An Automated ILP Server in the Field of Bioinformatics

  • Authors:
  • Andreas Karwath;Ross D. King

  • Affiliations:
  • -;-

  • Venue:
  • ILP '01 Proceedings of the 11th International Conference on Inductive Logic Programming
  • Year:
  • 2001

Quantified Score

Hi-index 0.00

Visualization

Abstract

The identification of evolutionary related (homologous) proteins is a key problem in molecular biology. Here we present a inductive logic programming based method, Homology Induction (HI), which acts as a filter for existing sequence similarity searches to improve their performance in the detection of remote protein homologies. HI performs a PSI-BLAST search to generate positive, negative, and uncertain examples, and collects descriptions of these examples. It then learns rules to discriminate the positive and negative examples.
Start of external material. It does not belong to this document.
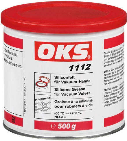 - Schmierung von Verschlussvorrichtungen und Hähnen sowie Schliffverbindungen in Industrievakuum- und Laborgeräten, wenn die Konsistenz anderer OKS-Silikonfette nicht ausreicht
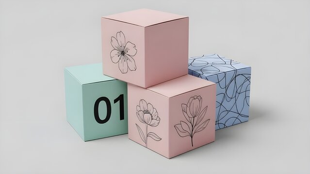 Aesthetic pastel colored packaging boxes featuring floral and numeral designs

The rules are used to filter the uncertain examples in the "twilight zone". HI uses a multitable database of 51,430,710 pre-fabricated facts from a variety of biological sources, and the inductive logic programming system Aleph to induce rules. Hi was tested on an independent set of protein sequences with equal or less than 40 per cent sequence similarity (PDB40D). ROC analysis is performed showing that HI can significantly improve existing similarity searches. The method is automated and can be used via a web/mail interface.